Persons Of Interest

Persons Of Interest

The current presidential administration inverts longstanding U.S. policy by taking an aggressive posture toward nations suspected of harboring terrorists. George W. Bush's staff excuses the stance in part by insisting that citizens of those nations are better served by a U.S.-backed government than a quasi-totalitarian state. But Alison Maclean and Tobias Perse's documentary Persons Of Interest stoically questions America's moral standing, given the actions of the FBI and other law-enforcement agencies in the aftermath of the Sept. 11 attacks. Persons Of Interest presents the stark testimony of 12 people who were detained or had family members detained by authorities for weeks and months, often without the benefit of an attorney or outside contact, so that they could be questioned about suspected terrorist activity. All 12 are of Arab descent (or at least have Arab names), and none had been in trouble with the law before.

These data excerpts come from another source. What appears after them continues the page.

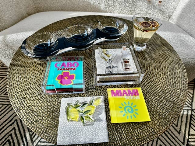 Add the Acrylic Coaster Holder to display a Set of 4.
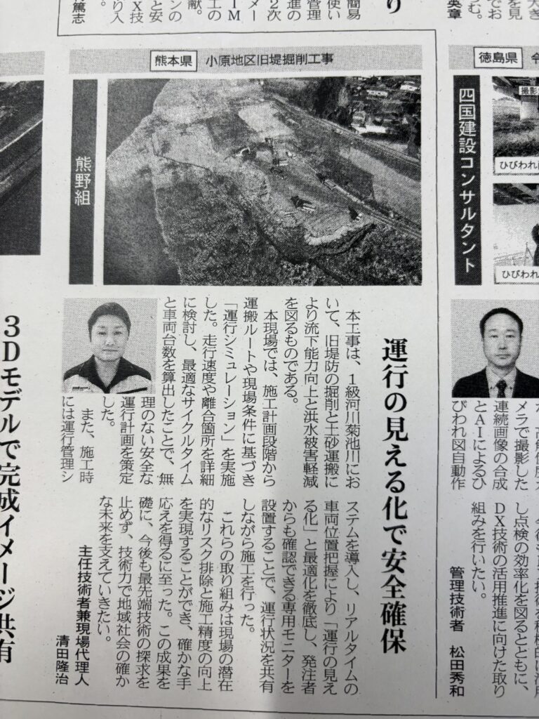 日刊通信建設新聞社様より当社現場である「小原地区旧堤掘削工事」の工事内容が掲載されました。本現場の取組みである運搬車の運行シミュレーションが取り上げられており、走行時の安全や施工の効率化など新しい土木の可能性に挑戦することが出来ました。
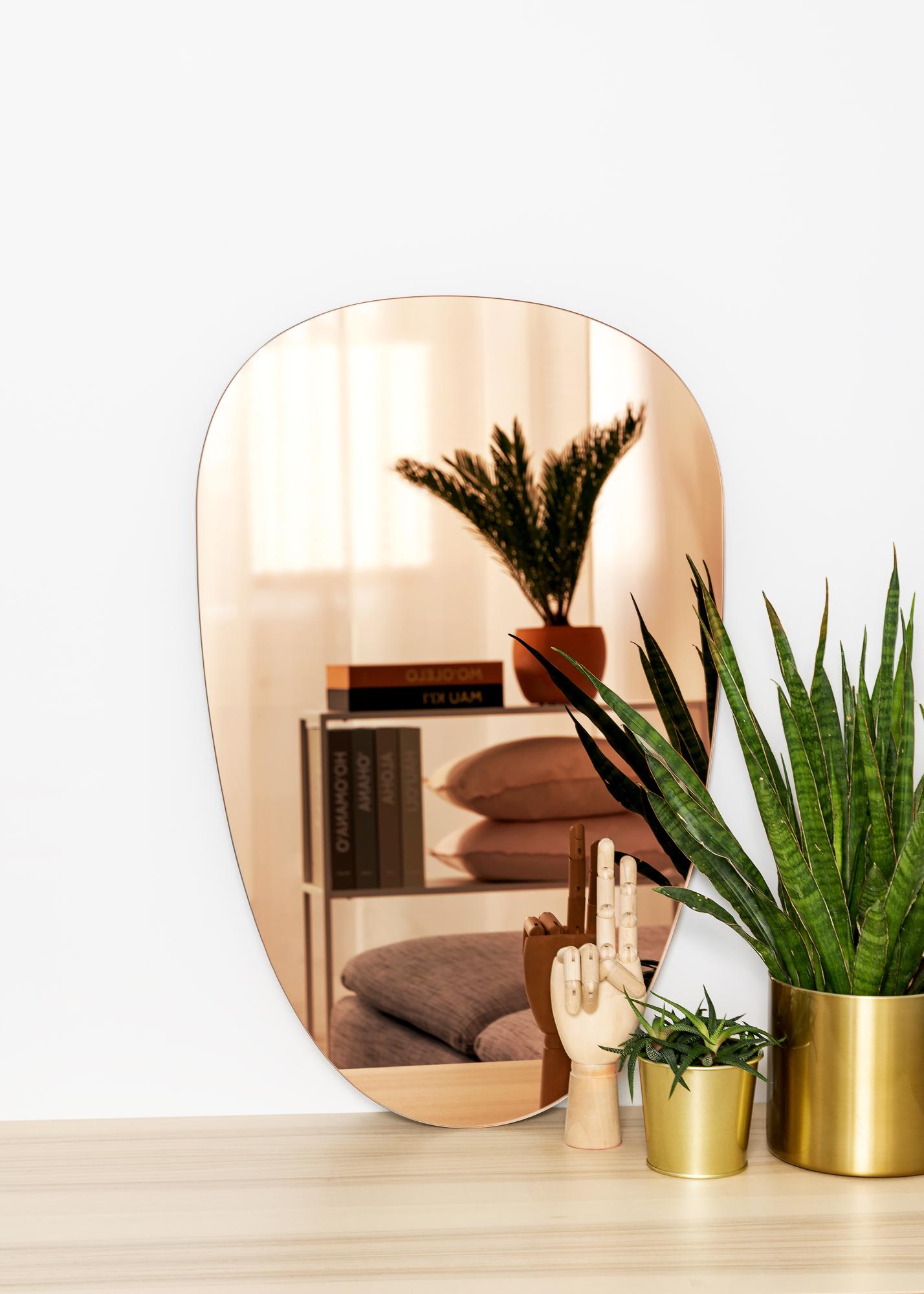 Tilfør interiøret ditt funksjon og et stykke stilrent svensk design! Med dette speilet - og dets myke og elegante form - skaper du en innbydende og lett følelse i hjemmet ditt. Speilet er asymmetrisk ovalt, veldig tynt og ikke utstyrt med ramme, noe som bidrar til den flotte og stilrene fremtoningen. Speilet har i tillegg et roségullfarget speilglass, noe som gjør det til en veldig trendy interiørdetalj i hjemmet ditt.
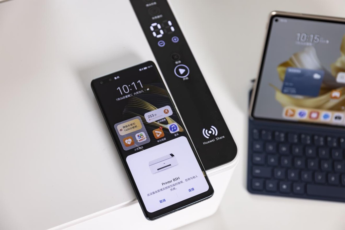 得益于HarmonyOS 3的全新赋能,华为PixLab V1打印机加入了超级终端,拥有了前所未有的智慧打印能力,消费者不需要再考虑相册、文档、浏览器或者其他应用的打印入口在哪里,而是在手机/平板的超级终端界面一拉即合打印机,即可出现一个统一的打印入口,开启超级打印模式,任何需要打印的内容只需要点击屏幕上的悬浮球,就可以快速发起打印。华为打印机注册到云端后,用户还可以便捷地远程打印。对于普通用户而言,打印机的学习成本大大降低。

Persons Of Interest follows a bare-bones format: The interviewees stand in an empty room and describe what happened, from the moment of arrest to the moment they first stared into Maclean and Perse's camera. The absence of style can be numbing, but it serves a purpose, positioning the documentary as a public record, not a work of art. As such, the film is eye-opening. It records the frustrations of people who have been fighting for years to maintain religious and cultural roots while enjoying the freedoms of the U.S., but who suddenly find themselves under suspicion for owning a Koran or sending money to family in the Middle East. The interviewees recount the questions they were asked: about their feelings toward Israel, their mosque attendance, why they own a flight-simulator computer game, and so on. Their treatment sounds sickeningly familiar—like stories about the Taliban, or the secret police behind the Iron Curtain.

Periodically, Maclean and Perse cut in footage of Attorney General John Ashcroft explaining his tactics, comparing aggressive detention to Robert Kennedy's hassling of mobsters. The difference, as the movie's interviewees make clear, is that the overwhelming majority of the Muslim and "plausibly Muslim" people that the Justice Department has detained aren't criminals. Persons Of Interest serves a purpose just by letting its subjects vent, so that they know some of their neighbors still find this situation outrageous.